Records from a collection:
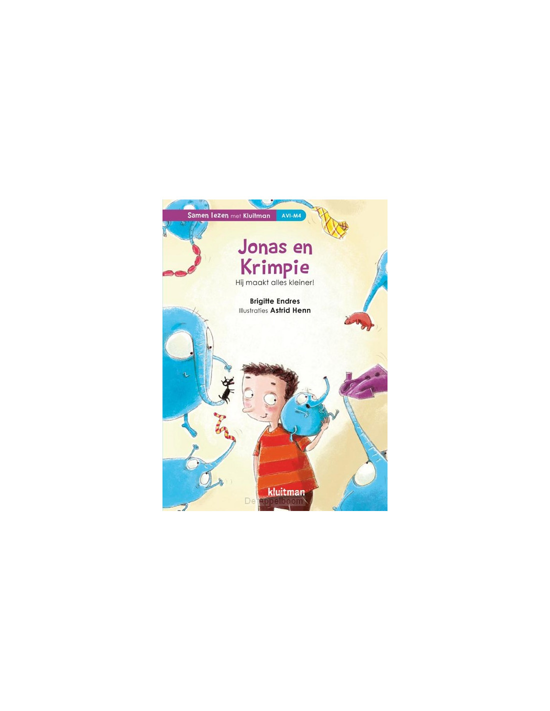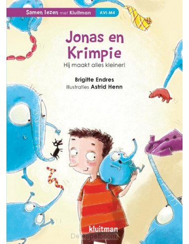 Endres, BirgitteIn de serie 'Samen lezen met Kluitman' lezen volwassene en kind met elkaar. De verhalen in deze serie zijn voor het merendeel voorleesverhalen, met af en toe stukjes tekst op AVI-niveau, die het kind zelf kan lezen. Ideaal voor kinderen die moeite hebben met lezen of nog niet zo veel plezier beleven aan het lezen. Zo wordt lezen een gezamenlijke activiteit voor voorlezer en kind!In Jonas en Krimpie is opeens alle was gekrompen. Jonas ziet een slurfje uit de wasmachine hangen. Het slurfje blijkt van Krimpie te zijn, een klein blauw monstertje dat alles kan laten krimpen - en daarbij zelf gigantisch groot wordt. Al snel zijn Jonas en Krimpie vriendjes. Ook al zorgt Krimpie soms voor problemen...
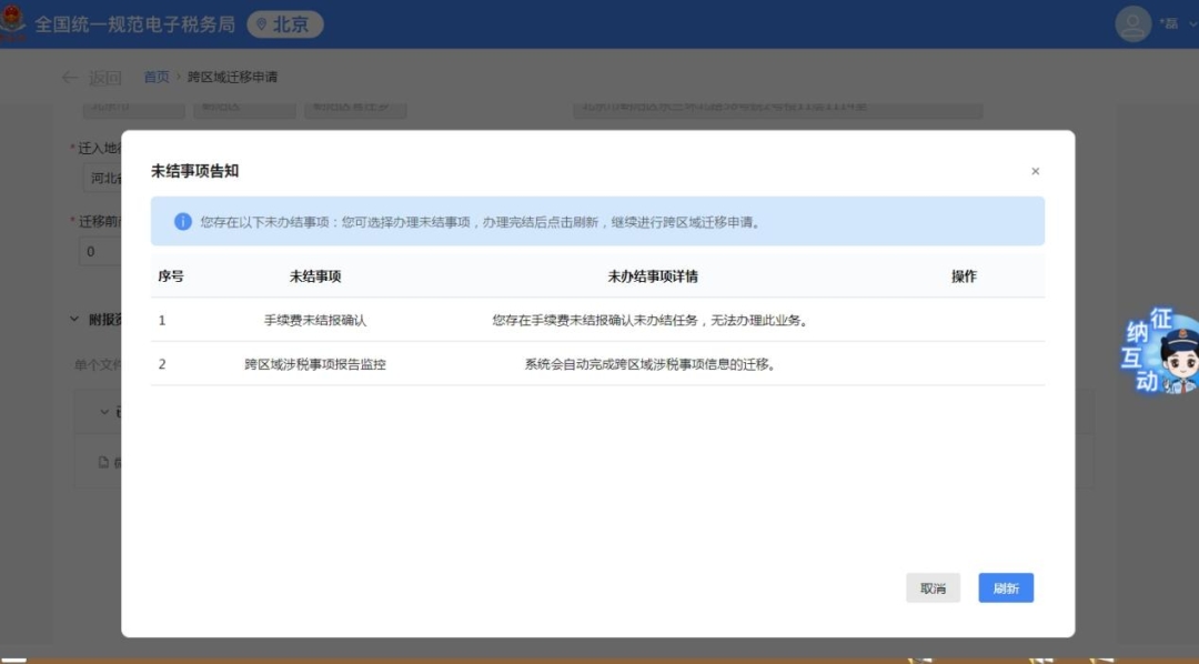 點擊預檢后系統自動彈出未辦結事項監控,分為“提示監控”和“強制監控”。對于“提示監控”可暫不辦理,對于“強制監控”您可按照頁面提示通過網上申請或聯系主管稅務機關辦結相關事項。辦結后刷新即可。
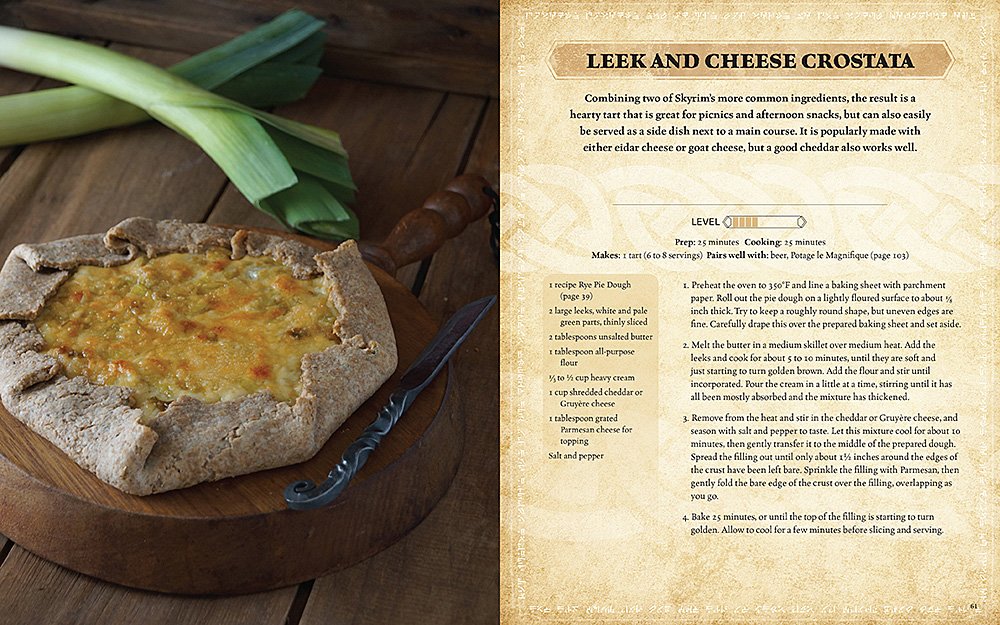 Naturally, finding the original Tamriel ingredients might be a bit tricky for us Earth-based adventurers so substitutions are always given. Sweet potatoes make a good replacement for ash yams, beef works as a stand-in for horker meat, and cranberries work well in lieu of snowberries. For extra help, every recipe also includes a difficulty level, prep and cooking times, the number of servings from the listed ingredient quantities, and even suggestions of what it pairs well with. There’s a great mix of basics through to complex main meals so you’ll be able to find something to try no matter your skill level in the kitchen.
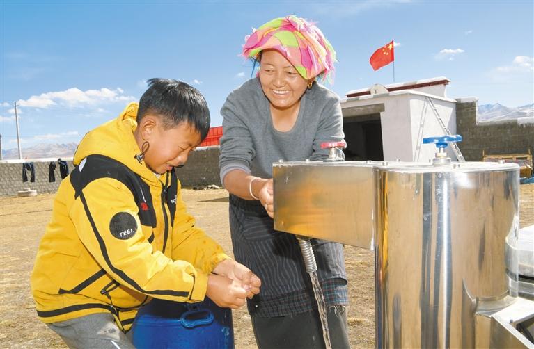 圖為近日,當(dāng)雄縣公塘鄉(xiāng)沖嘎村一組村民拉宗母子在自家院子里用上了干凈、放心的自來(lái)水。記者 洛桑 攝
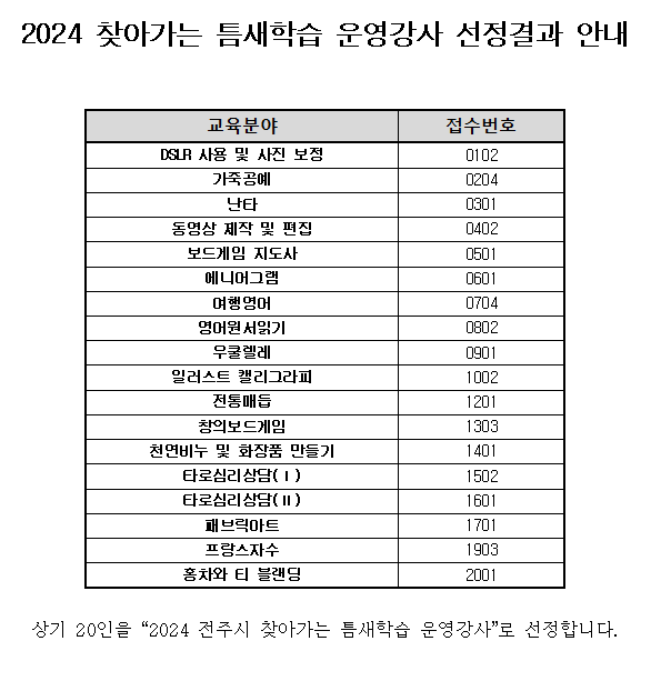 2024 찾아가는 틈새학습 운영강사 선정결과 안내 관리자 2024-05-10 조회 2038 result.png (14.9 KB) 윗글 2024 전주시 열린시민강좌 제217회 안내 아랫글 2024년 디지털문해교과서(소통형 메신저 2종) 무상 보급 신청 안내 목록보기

What is expected: From the first line of the entries down to the line with "點擊預檢后系統自動彈出未辦結", print each line exactly; omit any picture.

Response box:
 Endres, BirgitteIn de serie 'Samen lezen met Kluitman' lezen volwassene en kind met elkaar. De verhalen in deze serie zijn voor het merendeel voorleesverhalen, met af en toe stukjes tekst op AVI-niveau, die het kind zelf kan lezen. Ideaal voor kinderen die moeite hebben met lezen of nog niet zo veel plezier beleven aan het lezen. Zo wordt lezen een gezamenlijke activiteit voor voorlezer en kind!In Jonas en Krimpie is opeens alle was gekrompen. Jonas ziet een slurfje uit de wasmachine hangen. Het slurfje blijkt van Krimpie te zijn, een klein blauw monstertje dat alles kan laten krimpen - en daarbij zelf gigantisch groot wordt. Al snel zijn Jonas en Krimpie vriendjes. Ook al zorgt Krimpie soms voor problemen...
 點擊預檢后系統自動彈出未辦結事項監控,分為“提示監控”和“強制監控”。對于“提示監控”可暫不辦理,對于“強制監控”您可按照頁面提示通過網上申請或聯系主管稅務機關辦結相關事項。辦結后刷新即可。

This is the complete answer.